10. Truth √

5.4K 762 44
                                        

Sebenarnya apa yang kedua laki-laki itu rencanakan?

Sejak awal, mereka berdua memilihku.

Mereka memperalatku, menepis kemungkinan kalau mereka ternyata memiliki hubungan yang dilarang oleh semesta dengan topeng sebagai tempat bersembunyi. Aku tidak percaya kalau dua laki-laki penyuka sesama jenis itu pernah mencium bibirku sehebat itu.

Perutku mual, aku benar-benar jijik sekarang. Bagaimana kedua laki-laki itu berciuman di kamar hotel masih terbayang di benakku. Bagaimana mereka berdua berbicara, menyebut nama satu sama lain, semuanya membuatku tidak percaya.

Mereka terlihat normal, dan mereka sukses menyembunyikan jati diri mereka yang sebenarnya.

Jadi, orang yang diceritakan Wonwoo itu Kim Mingyu? Orang yang katanya dia sukai itu adalah suamiku? Bagaimana— bagaimana bisa aku menebak siapa orang yang dia katakan jika Wonwoo terlihat senormal itu. Apakah rasa senangnya karena kehamilanku itu karena dia tahu bahwa anak ini untuknya? Ya tuhan, kenapa semua ini rumit sekali?

Air mataku sudah kering, Kim Mingyu kembali ke kamar setelah satu jam berlalu dengan kondisi berantakan. Aku menutup mataku rapat-rapat, menahan rasa sesak dalam dadaku ketika melihat laki-laki yang aku cintai menghampiriku.

"Kau melihat sunset tidak?" Tanyanya sambil membuka baju, menggantinya dengan kaos santai berwarna biru muda. Sekarang aku tahu kenapa dia bereaksi biasa saja melihatku telanjang bulat didepan matanya.

"Tidak."

"Ponselku?"

"Aku menyimpannya diatas sofa." Entahlah, aku sangat tidak bersemangat sekarang.

"Tadi kau kemana selama aku pergi?" Dia membuka kulkas dan mengambil sekaleng bir dingin dari sana. Kemudian laki-laki itu membawa ponselnya dan duduk diatas ranjang-disebelahku.

"Disini." Jawabku, menatap laki-laki yang tidak aku sangka akan setega ini kepadaku dengan senyum tipis yang terasa perih ketika aku lakukan.

"Kau kenapa?" Tanyanya, seolah dapat membaca perasaanku saat itu.

"Aku hanya... Ingin berdua bersamamu malam ini, aku ingin tidur dalam pelukanmu hingga pagi menyapa."

"Tapi sekarang baru jam 7, kau kesini untuk berlibur." Kim Mingyu menyimpan kaleng birnya keatas nakas. Ia berbaring lebih dulu, kemudian menarik tubuhku dan memelukku seperti yang aku ingin.

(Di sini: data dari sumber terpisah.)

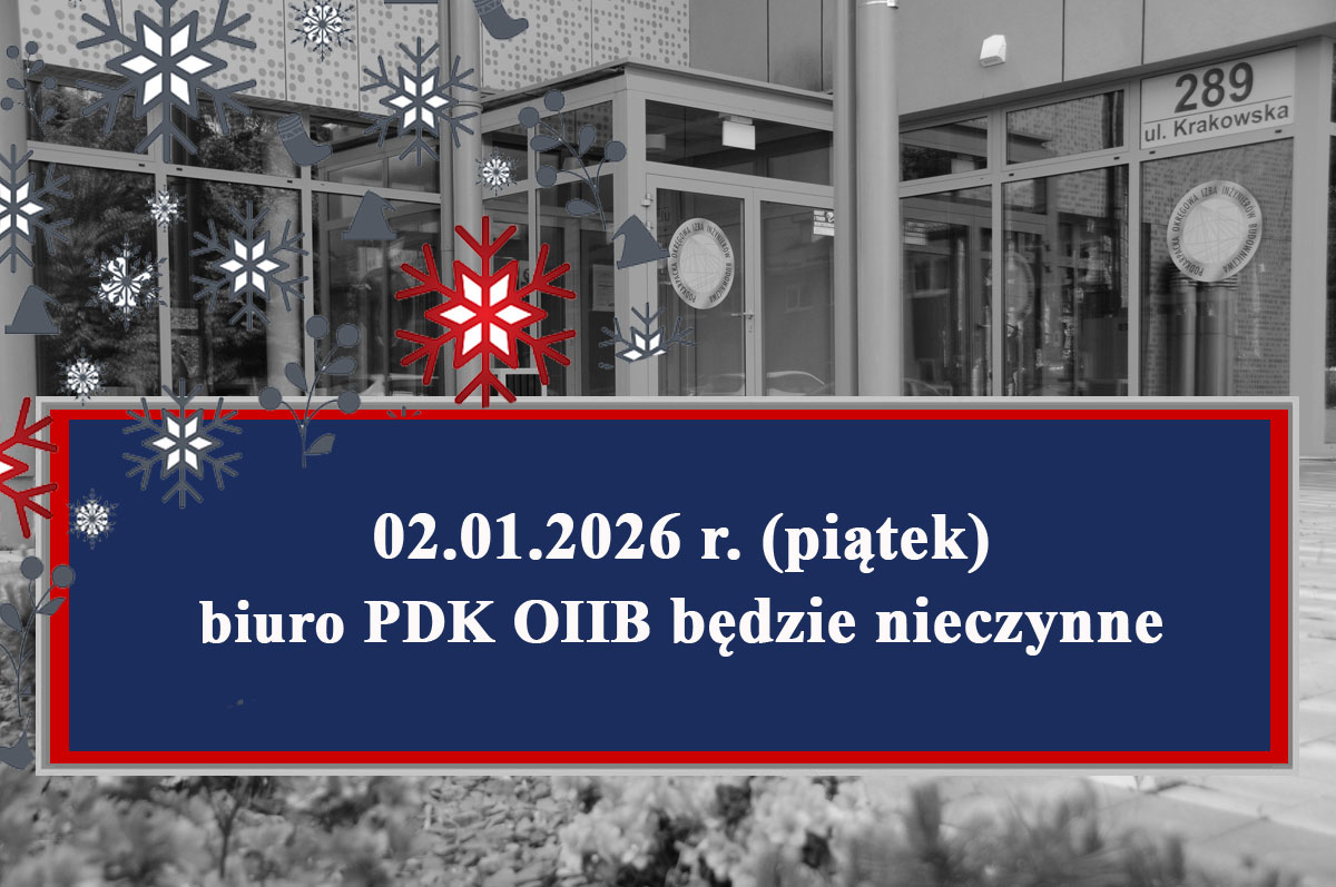 Uprzejmie informujemy, że w dniu 02.01.2026 r. (piątek) biuro PDK OIIB będzie nieczynne. Za wszelkie utrudnienia przepraszamy. |
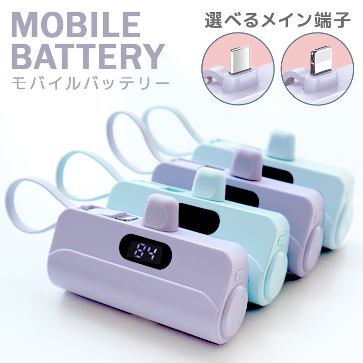 モバイルバッテリー 軽量 iPhone スマホ充電器 5000mAh 小型 ミニ 急速充電 電池残量表示 2台同時充電Android 充電器 スマホ携帯 コンパクト

"Aku mau pulang, besok pagi."

Dadaku terasa sesak, tubuh yang memelukku ini sebentar lagi takkan pernah bisa aku raih lagi. Bahkan jika aku berusaha untuk meraihnya, aku tidak akan bisa. Kim Mingyu tidak akan pernah mau ditakdirkan untuk menjadi milikku.

Tanpa sadar, aku menangis kencang dalam pelukannya hingga laki-laki itu kebingungan. Tidak ada sepatah kata pun yang diucapkannya, laki-laki itu hanya mempererat pelukannya sambil membelai rambutku lembut.

"Kenapa rasanya sakit sekali?" Suaraku terlalu pelan, atau bahkan teredam oleh tangisan hingga aku yakin Kim Mingyu tidak dapat mendengarnya dengan baik.

"Maaf."

Tanpa aku sadari pula, Kim Mingyu berbisik pelan, sangat pelan hingga tidak ada satu pun yang mendengar kecuali dirinya sendiri dan Tuhan.

***

Semua orang di dalam klub ini memandangku aneh. Seorang Ibu hamil dengan pakaian hamilnya entah bagaimana bisa terdampar diatas kursi depan meja bartender. Masa bodoh lah, aku muak berada di rumah. Kepergianku ini jelas saja tanpa sepengetahuan Kim Mingyu. Laki-laki yang baru tiba di Seoul tadi siang bersamaku itu langsung meluncur menuju kantor begitu mendapat panggilan mendesak dari sekretarisnya. Dan aku tidak tahu apakah dia sudah pulang ke rumah atau belum, aku mematikan ponselku omong-omong.